In this reaction, Kp is (PNO2)^2/PN2O4. From PV=nRT, pressure of any gas is nRT/V, assuming ideality. Since n/V is just molarity, PNO2 = [NO2]RT, and PN2O4 = [N2O4]RT. Substituting those expressions in gives Kp = [NO2]^2(RT)^2 / ([N2O4]RT) = [NO2]^2RT/[N2O4]. Ignoring the RT since temperature does not change, what happens if we double volume? [NO2] and [N2O4] are both halved. Notice however, that in the equation for Kp, [NO2] is squared, while [N2O4] is not. This means that the numerator will be reduced to 1/4th its value, while the denominator will only be reduced to 1/2 half its value. Qp = 1/2Kp from this, meaning that the reaction is to the LEFT of equilibrium, and needs to shift to the right (Q < K). Does this help?

Well done on the explanation. The one thing I'd add is that the reaction has to be endothermic, because you are breaking a bond (without forming a new bond) as the reaction goes in the forward direction. Bond breaking is an endothermic process, so the reaction must be endothermic. They also tell you it's endothermic (in a roundabout way) at the end of the last paragraph of the passage.
 
First of all, II isn't obviously true if I isn't true. It's probably not hard to see that III is the opposite of I and II, so the answer you picked had to be either I and II or III, or none. No other combination would make sense. As far as why I is true though...
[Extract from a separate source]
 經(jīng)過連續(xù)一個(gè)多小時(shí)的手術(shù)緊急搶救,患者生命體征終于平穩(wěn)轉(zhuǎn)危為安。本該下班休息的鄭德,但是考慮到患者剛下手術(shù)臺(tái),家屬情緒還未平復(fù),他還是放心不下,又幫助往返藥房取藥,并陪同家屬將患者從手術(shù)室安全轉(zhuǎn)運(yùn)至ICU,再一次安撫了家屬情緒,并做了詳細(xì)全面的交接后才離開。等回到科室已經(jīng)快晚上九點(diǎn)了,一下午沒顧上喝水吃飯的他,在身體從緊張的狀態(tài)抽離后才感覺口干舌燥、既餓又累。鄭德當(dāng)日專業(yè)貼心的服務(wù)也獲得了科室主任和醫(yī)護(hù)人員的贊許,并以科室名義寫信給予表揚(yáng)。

In this reaction, Kp is (PNO2)^2/PN2O4. From PV=nRT, pressure of any gas is nRT/V, assuming ideality. Since n/V is just molarity, PNO2 = [NO2]RT, and PN2O4 = [N2O4]RT. Substituting those expressions in gives Kp = [NO2]^2(RT)^2 / ([N2O4]RT) = [NO2]^2RT/[N2O4]. Ignoring the RT since temperature does not change, what happens if we double volume? [NO2] and [N2O4] are both halved. Notice however, that in the equation for Kp, [NO2] is squared, while [N2O4] is not. This means that the numerator will be reduced to 1/4th its value, while the denominator will only be reduced to 1/2 half its value. Qp = 1/2Kp from this, meaning that the reaction is to the LEFT of equilibrium, and needs to shift to the right (Q < K). Does this help?
More complex explanation; however, makes perfect sense.
 
First of all, II isn't obviously true if I isn't true. It's probably not hard to see that III is the opposite of I and II, so the answer you picked had to be either I and II or III, or none. No other combination would make sense. As far as why I is true though...
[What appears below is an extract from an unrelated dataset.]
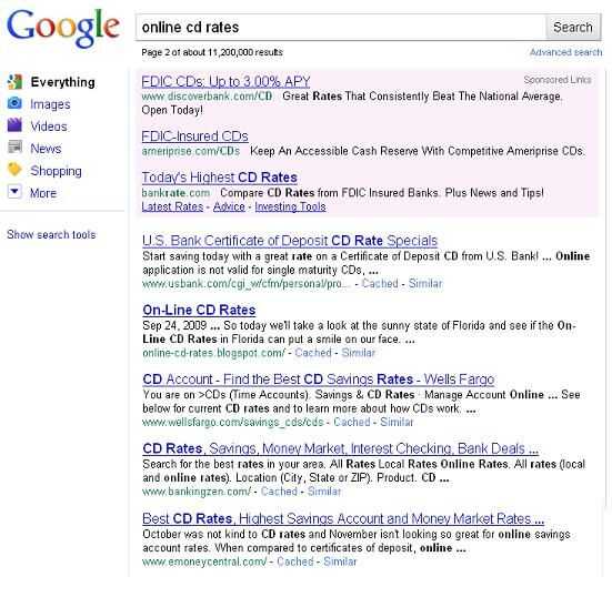 En este ejemplo, el término de búsqueda introducidas "tasas de cd en línea" en el buscador de Google, dando por resultado una lista de enlaces en la parte superior y muchas páginas de otros éxitos que siguen patrocinados. Google ya no alinea hits de relevancia para el tema de búsqueda, se enumeran en orden basado en el dinero pagado a Google, o por la manipulación inteligente de los propietarios de los sitios. Usted puede determinar que golpes a explorar más al leer la breve descripción en cada golpe o examinando la URL aparece en la parte inferior de los afectados. En el pasado, le pinchas en el título de un golpe y Google se conectará en el sitio descrito. Ahora, Google a menudo no le llevará al sitio deseado cuando se haga clic, pero te llevan a sitios totalmente sin relación que han pagado dinero a Google.

In this reaction, Kp is (PNO2)^2/PN2O4. From PV=nRT, pressure of any gas is nRT/V, assuming ideality. Since n/V is just molarity, PNO2 = [NO2]RT, and PN2O4 = [N2O4]RT. Substituting those expressions in gives Kp = [NO2]^2(RT)^2 / ([N2O4]RT) = [NO2]^2RT/[N2O4]. Ignoring the RT since temperature does not change, what happens if we double volume? [NO2] and [N2O4] are both halved. Notice however, that in the equation for Kp, [NO2] is squared, while [N2O4] is not. This means that the numerator will be reduced to 1/4th its value, while the denominator will only be reduced to 1/2 half its value. Qp = 1/2Kp from this, meaning that the reaction is to the LEFT of equilibrium, and needs to shift to the right (Q < K). Does this help?
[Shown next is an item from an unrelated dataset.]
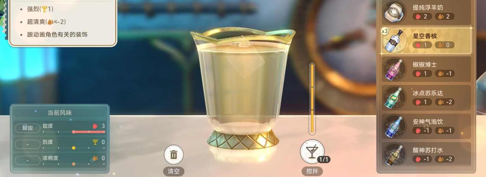 (2)然后不按要求调制饮品5次即可(可以按下面这个配置来)

Ahhhh that's it! Very eloquently put, that helps a lot. Thanks!!!
 
Hi, I'm sorry to resurface an old thread, but I'm really struggling with one thing on this question: How is it that volume increases when pressure is increased? I understand that the piston moves up to re-establish equilibrium, which in turn increases volume, but I can't help but think of Boyle's law (the inverse relationship between the two)...and I get confused. Does it not apply to pistons?

Thanks in advance!
 
The change to the system is pulling the lid of the piston up by the handle, meaning you are expanding the volume of the cylinder. This increase in volume decreases the total pressure (V goes up and P goes down inside). It is that drop in internal pressure that is the driving force for the reaction to move from the side with one gas molecule (N2O4) to the side with two gas molecules (2 NO2).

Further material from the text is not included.